Одним из популярных мотивов этого направления эротической фотографии был восточный гарем, так как для многих европейцев он был «просто экзотическим продолжением борделя в их собственной стране (больше того, бордели, как и театры жанра бурлеск, часто имели восточный колорит, отсюда термин „экзотическая танцовщица“)»69. Но экзотическая сексуальность мусульманских женщин была недоступна для европейцев, в том числе для художников и фотографов,

поэтому и те и другие продолжали выстраивать постановочные сцены из жизни вымышленных гаремов.

Моделей (часто из числа проституток) снимали в «восточных костюмах», а позы выбирались по образцу картин Энгра, Делакруа и других…70

Эти модели часто бывали полностью одеты и возлежали на подушках в расслабленных позах. Сексуализация образов строилась на принципе наблюдения, кальян также подчеркивал сексуальное содержание. По свидетельству И. Д. Калмара: «В таких „этнопорнографических“ фотографиях кальян часто заменяет всем знакомый символ проституции – сигарету»71. Этот символ был принят в живописи и был унаследован фотографией уже как общепризнанный и всем понятный. Это очень характерный момент: подпись, соответствующий антураж и атрибутика полностью меняли аспект восприятия тела модели.

Как отмечает Корби, интерпретация телесных кодов аборигенов колоний как знаков повышенной сексуальной активности была типична для европейцев XIX века:

Другая реакция являла собой сексуальное влечение и любопытство, как это становится понятно из современной прессы и сохранившихся плакатов. Восхищение предположительно невероятной сексуальной потенцией этого едва одетого примитивного существа боролось с пренебрежением ввиду их якобы звериной похоти72.

Жорж Батай, однако, не противопоставляет эти симультанно возникающие у зрителя эмоциональные реакции. Его точка зрения основывается на их неразрывности: «…нагота противостоит красоте лиц или прилично одетых тел в том, что она приближает нас к отталкивающему очагу эротизма»73. То есть то самое чувство «отвратительного», которое вызывал Дикарь, делало его одновременно желанным.

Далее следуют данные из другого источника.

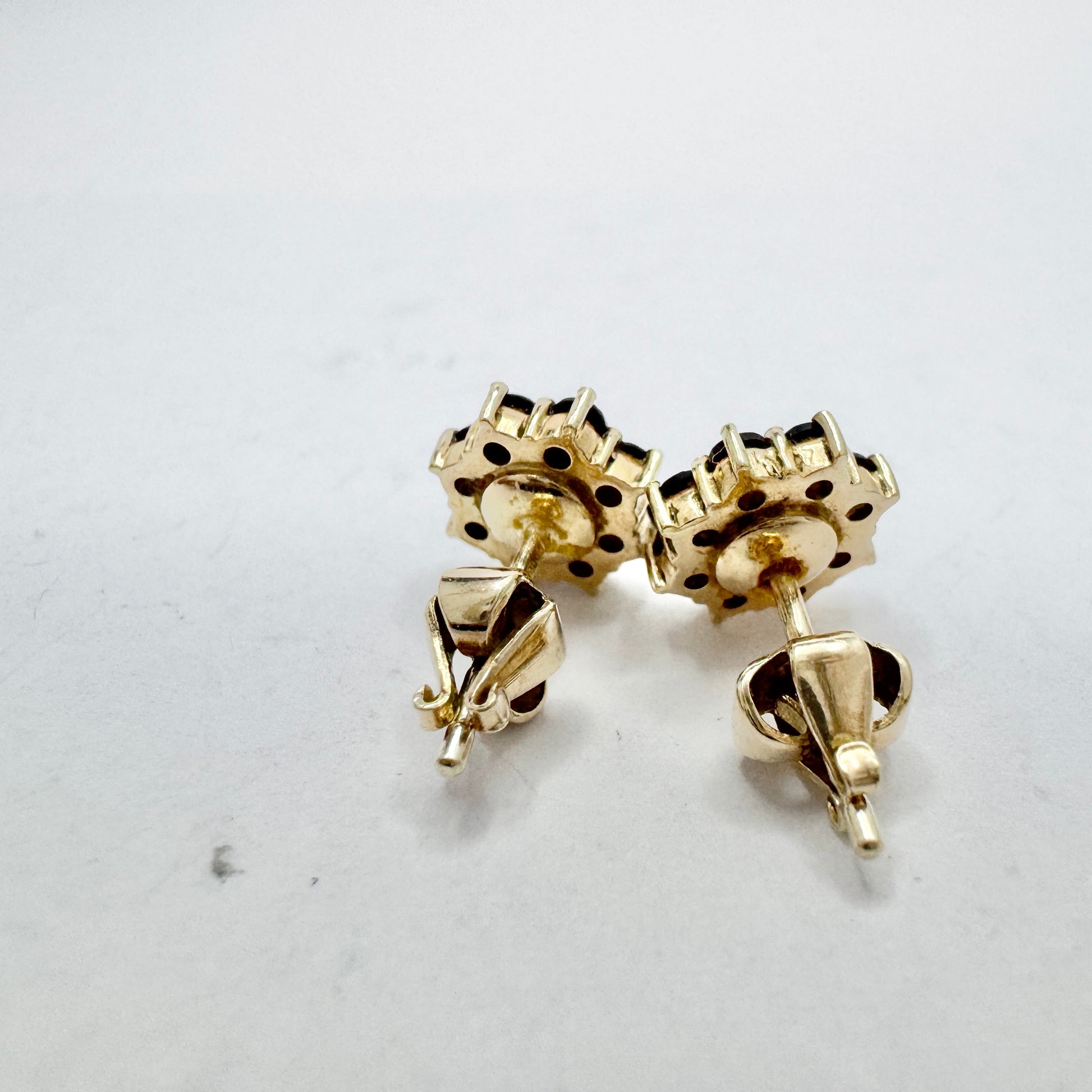 Beautiful and sought after vintage garnet cluster gilt solid silver earrings. Hallmarked with makers mark HE and 830 silver. Vintage ca 1950-60s.
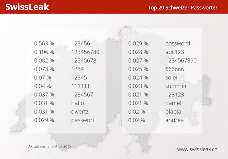 Bitte verwenden Sie niemals Zahlenfolgen oder das Wort „hallo“ sowie „passwort“ als Passwort. Das Hasso-Plattner-Institut erstellte im Dezember 2017 auf Basis von 368.348 E-Mail-Datensätzen eine Liste mit den beliebtesten Passwörtern der Schweizer. Den ersten Platz gab es für „123456“, ihm folgt „1234“ und den dritten Platz nimmt das Passwort „123456789“ ein. Diese Passwörter kennt jeder Hacker und probiert sie als Erstes aus.
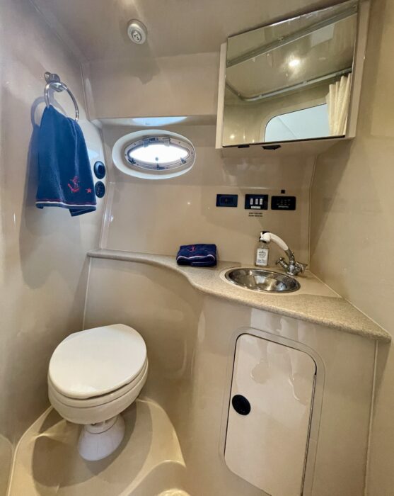 As an additional liveaboard luxury, the 320 features a roomy head, unsurpassed in this size class, with full standing headroom.

Однако парадоксальным образом репрезентации свободного тела Другого были направлены, вероятно, как раз на укрепление моральных норм. Это было частью стратегии контроля над телом граждан, которая рождалась в рамках возникшего, по выражению Мишеля Фуко, «дискурсивного взрыва» вокруг секса74. Признаки живого, естественного тела противопоставлялись телесности индустриальной цивилизации белых европейцев, они становились частью устойчивой характеристики «дикаря», «неполноценного человека», «предыдущей ступени эволюционного развития». Появление в обществе обнаженного тела «неевропейца» («оригинал» – на выставке или «копия» – в гостиной) было возможно, поскольку нагота понималась как его естественное свойство, отчасти и разграничивающее мир дикарей и мир европейской цивилизации. Его заключенная в рамки демонстрационной площадки или границы фотоснимка репрезентация не представляла угрозы для установленного общественного порядка, о чем пишет в своей работе Робер Мюшембле75. Оно априори было вне европейского социума и заслуживало лишь взгляда свысока. Это тело служило для европейской культуры лишь объектом наблюдения, природным феноменом, определяемым словом «дикарь».

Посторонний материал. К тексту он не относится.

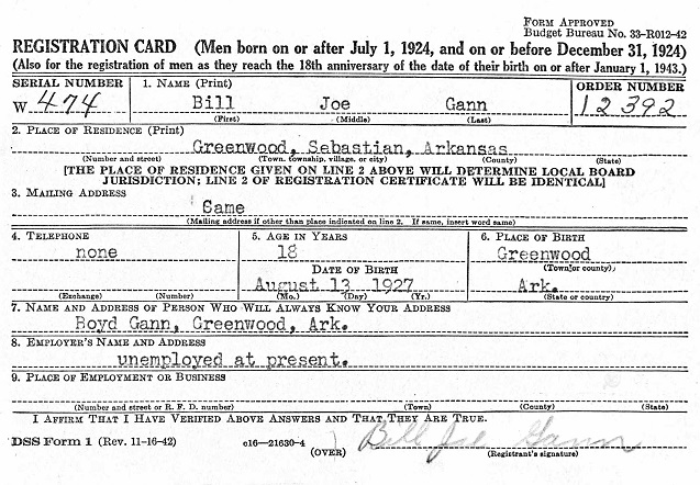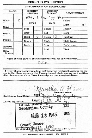 On August 13, 1945 Bill registered for the military draft at the courthouse at Fort Smuth,

Позиции эволюционной этнографии предлагали систему, на вершине которой оказывался человек среднего класса76, отделенный от туземцев колоний многими этапами физического и социального развития. Это позволяло проецировать на образ Дикаря негативные, с точки зрения властных структур, телесные проявления, отринутые европейцами в ходе становления их культуры. Пользуясь терминологией Фуко, можно сказать, что «дикарям» была приписана низшая точка «культуры себя»77, которая и определяла, с позиции современников, необходимость в строгом этикете и до мелочей продуманном туалете.